День цветения — страница 127 из 149

Альсарена Треверра подбежала, бухнулась коленями в снег, Иргиаро упал на четвереньки с другой стороны от Ульганара. Она сдернула с головы и шеи пациента кольчужный капюшон…

Все произошло слишком быстро. Я, конечно, был готов…

Ни черта я не был готов.

Мощный рывок назад — затылком — в лицо ей.

Опрокинулась, заливая снег кровью.

На том же движении — выдрал левую руку из пасти кобеля Уна.

Сгреб Иргиаро за волосы, ткнул головой в снег.

Кровь.

Паника.

"Момент темноты".

Последствия.

Иргиаро. В мочало разорвана щека возле уха. Зубами драл? Зубами, больше нечем. Повезло парню. На два пальца бы пониже — и не было бы Иргиаро.

Руки трясутся. Тихо. Спокойно.

— А ты убери свой собачий нос.

Да, убери, а то зубы по одному выну.

— Сядь вон там и сиди. И ты тоже.

Остановил кровь.

Взгляд замороженный. Шок. Близкий контакт с объектом. Ладно.

Маленькая Марантина.

Без сознания. Это от боли. Губы — в кашу. Нос… не сломан. Но кровь идет. Ну-ну. Вот уже и все. Похлопал по щекам. Усадил, привалив спиной к Иргиаро.

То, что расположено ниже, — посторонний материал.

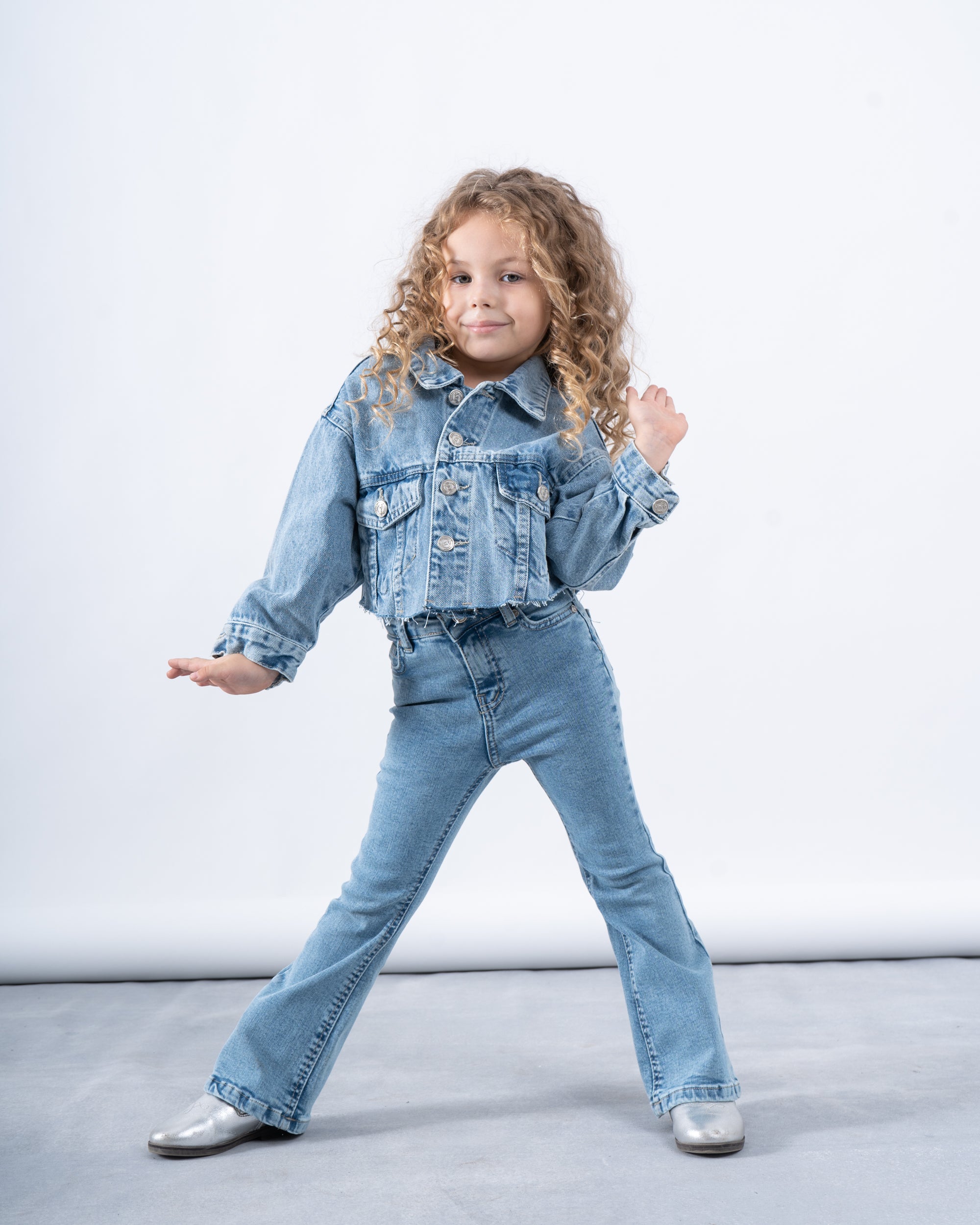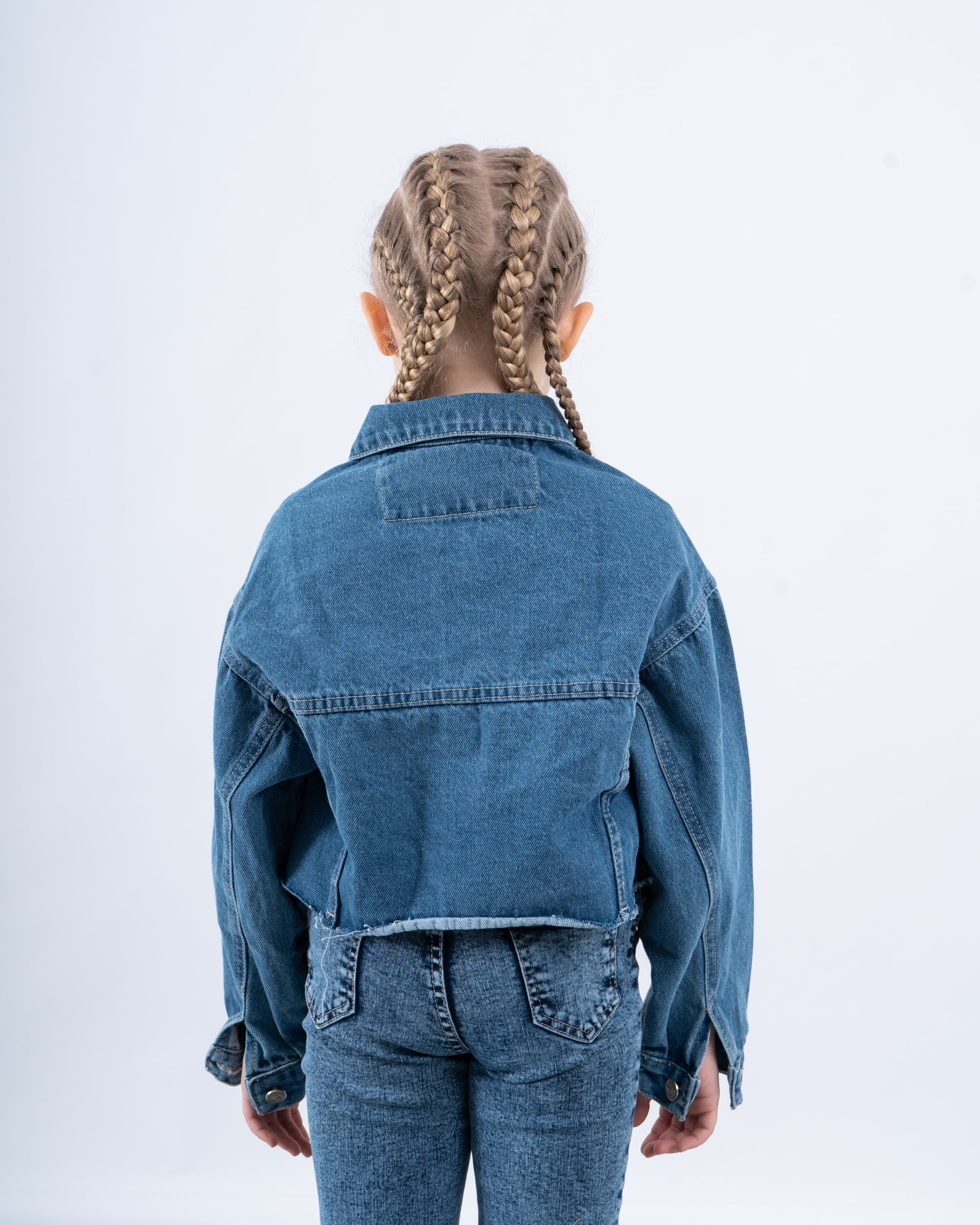 Bring some cool, classic style to your little one’s wardrobe with this cropped denim jacket. Featuring a vintage-inspired wash and distressed hem, it adds a playful twist to a timeless piece. With button-flap chest pockets and a relaxed fit, this jacket is perfect for layering over tees and sweaters, giving a chic edge to any outfit.

Теперь — сам наш красавец…

Подстелив плащ, содрал с него все, кроме штанов и сапог. Так.

Чертов сын! Я же чуть не убил тебя, олух! Это вампир должен был тебя укусить. А ты что сотворил?.. Нет, живой. Только вот шишмарюга у него останется — будь здоров. Как же я тебе башку-то не проломил, Гер? Не думая ведь, бил, "момент темноты"… Везунчик ты у меня.

Ох, и везунчик!.. Оба предплечья… н-да-а… Нет, кости целы. Умницы собачки. Аккуратные. Так. Надо бы всю эту прелесть обработать, да и перевязать толком… Прежде всего — снять кольчугу. Пока он в себя не пришел. Впрочем, рубаху ему в мясо тоже вжевали. Что было, то и вжевали…

— Сущие! Что это тут у вас делается? Малыш! Ох, да как же…

Радвара-энна. Не утерпела все-таки. Не дождалась.

— Все в порядке, Радвара-энна, — улыбнулся я, и вдруг представил, как это выглядит со стороны.

Альсарена Треверра — в кровище. Иргиаро — в кровище. Ульганар — в кровище. И я сижу. Улыбаюсь. И собачки за спиной у меня — тоже сидят. Улыбаются или нет — не знаю, глаз на затылке у меня нету.

Стуро Иргиаро по прозвищу Мотылек

Белый на белом, прыжок — мягкий, беззвучный, как падение снежных хлопьев. Не вижу ничего конкретного, реагирую на движение тени — четкая, лиловая до черноты клякса мчится по белизне в мою сторону. Просто сияющая, ровная, почти отвесная плоскость склона выбросила мне навстречу свитое из снега щупальце.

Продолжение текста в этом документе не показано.